I made a resolution earlier this year to post smaller updates more frequently, to keep myself expressing myself in public. I haven't done a good job of this in the last couple of months, but am also keenly aware that Google has kept the contents of this blog in its sandbox for the last 5 years and refuses to index most of the entries on this site. Hence, I've become more cognizant of the fact that efforts spent writing on here are going into the proverbial bitbucket. The half a dozen or so people reading this probably don't need daily updates from me. So it goes.

From an epistemological point of view, let's break the work up into two parts: that of establishable, observable facts, and that of more murky topics that are impossible to prove.

In the first part, there are some things we can establish according to basic accepted constructs about reality. The sky is of a hue that we call blue. There is a number 1, and if you add it to itself, you get a second number 2. And so on. You can get philosophically difficult and dispute the premises of these claims, thereby challenging the claims themselves. If you go that route, have fun. Just leave me the f*ck out of it.

In the second part, there are claims which can be argued endlessly, but the truth of which is murky and impossible to prove with absolution. Perfect example: as long as our modern civilization has existed, there have been people who claim that civilization is in decline and/or about to come crashing down. Eventually a generation of people, or a group within a generation, will be vindicated in their beliefs in this regard. Until that happens, the reality of the decline of civilization is something that can only be debated, and cannot definitively established, conclusively, with evidence.

This is not a post about religion, but, as I so often do, I'm going to use that particular subject as a means of making an ancillary point, due to that subject's universality.

I have a distant family member who has attempted to convince me that Calvinism and its tenets are the one truly correct interpretation of Christianity. I can't possibly do justice to Calvinism in a sentence or two, but it boils down to the doctrine of election, or something more broadly referred to as predestination. Whether you go to heaven or hell after you die is decided by God prior to your ever being born. There is nothing you can do, say, believe, etc, in your lifetime that will alter this particular outcome. You might choose to live a sinful life, but the Holy Spirit may come upon you and save you on your deathbed. You may live a righteous life, but it turns out that salvation just wasn't in the cards for you.

Now, if you happen to be a Christian and you're shopping for a theology you can subscribe to, is this the "correct" one? I have no idea. I certainly cannot say that it is not true. It could very well be exactly the way the world has been planned out by God. This is one of those things that cannot be definitely proven.

Politically, I self-identify as a centrist, meaning that I happily pick and choose perspectives from both sides of the political spectrum as they resonate with me. I'm not a Libertarian, but one idea I take from Libertarianism is the idea of personal responsibility. While there are societal injustices that need remedying, at a systemic level, I believe one should live with a focus on the things that one can control. You make the best play you possibly can, given the hand that you have been dealt. (If COVID has taught us nothing else, it's that pure Libertarian philosophy is at best incomplete, because we've all come to understand that no person is an island.)

So, is Calvinism "true"? I cannot say. What I can say is that I would never choose to live my life as though it were true. To say that your ultimate fate is entirely outside of your own hands is to abdicate all responsibility that you have for your existence.

To me, this is untenable. One cannot prove Calvinism as the One True Doctrine, so there is no reason to favor this particular interpretation over any of its alternatives. My rejection of it is therefore consequentialist. The actions that generally follow from believing you cannot control your destiny are irresponsible ones. I could not, in good conscience, raise my (hypothetical) children to believe such a thing because it's too easy to use its creeds to dodge being accountable for what you do in life.

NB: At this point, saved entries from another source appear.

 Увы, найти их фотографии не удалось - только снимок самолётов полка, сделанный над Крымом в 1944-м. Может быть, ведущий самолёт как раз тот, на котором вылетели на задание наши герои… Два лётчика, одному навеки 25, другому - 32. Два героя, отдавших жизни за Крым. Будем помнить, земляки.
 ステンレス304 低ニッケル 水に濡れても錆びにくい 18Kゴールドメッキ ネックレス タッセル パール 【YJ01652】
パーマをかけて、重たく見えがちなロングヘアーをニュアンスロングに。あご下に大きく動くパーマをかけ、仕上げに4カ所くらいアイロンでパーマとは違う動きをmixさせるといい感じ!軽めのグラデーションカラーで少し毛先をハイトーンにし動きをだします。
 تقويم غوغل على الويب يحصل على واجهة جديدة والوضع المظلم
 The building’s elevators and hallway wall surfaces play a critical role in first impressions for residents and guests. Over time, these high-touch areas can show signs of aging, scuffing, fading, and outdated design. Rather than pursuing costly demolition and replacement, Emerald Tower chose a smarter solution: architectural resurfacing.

Where ambiguity reigns, where definitive proof of one idea over another is effectively impossible, there one has the option to select beliefs based on their implications. Is civilization in decline? Is the United States politically corrupt beyond all redemption, with fraudulent elections and authoritarian leaders instilled under the guise of democracy? Did the government have something to do with the attacks of 9/11? Is the country economically on its way to being a second- or third-world country, due to a decades-long procession of short-sighted decisions of our business leaders?

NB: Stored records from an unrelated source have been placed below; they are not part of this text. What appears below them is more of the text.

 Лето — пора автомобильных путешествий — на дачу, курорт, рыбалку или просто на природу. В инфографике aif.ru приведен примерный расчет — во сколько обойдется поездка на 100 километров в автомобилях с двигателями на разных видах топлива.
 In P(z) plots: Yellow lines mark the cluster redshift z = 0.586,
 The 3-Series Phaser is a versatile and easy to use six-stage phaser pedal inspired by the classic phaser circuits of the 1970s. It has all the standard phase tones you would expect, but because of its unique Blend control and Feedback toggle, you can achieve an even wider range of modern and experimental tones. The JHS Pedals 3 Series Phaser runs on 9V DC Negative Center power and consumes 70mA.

Maybe so. Perhaps all of the above are true. (I don't happen to think so.) But, even if they were all true, I do not care. I would never choose to live my life acting as if any of them are true. This has more to do with the implications of focus of attention than truth. I refuse to install the malware of learned helplessness onto my brain's spinning disks. Nor do I see any benefit of trying to ingrain these ideas into others.

This is, naturally, not anything resembling a new idea. Camus opened his Myth of Sisyphus with: "There is only one truly serious philosophical problem, and that is suicide. Deciding whether your own life is or is not worth living amounts to answering the fundamental question of philosophy." Perception is reality. Hence it is within our power to choose our reality, and the reality we share with others. Proceed mindfully.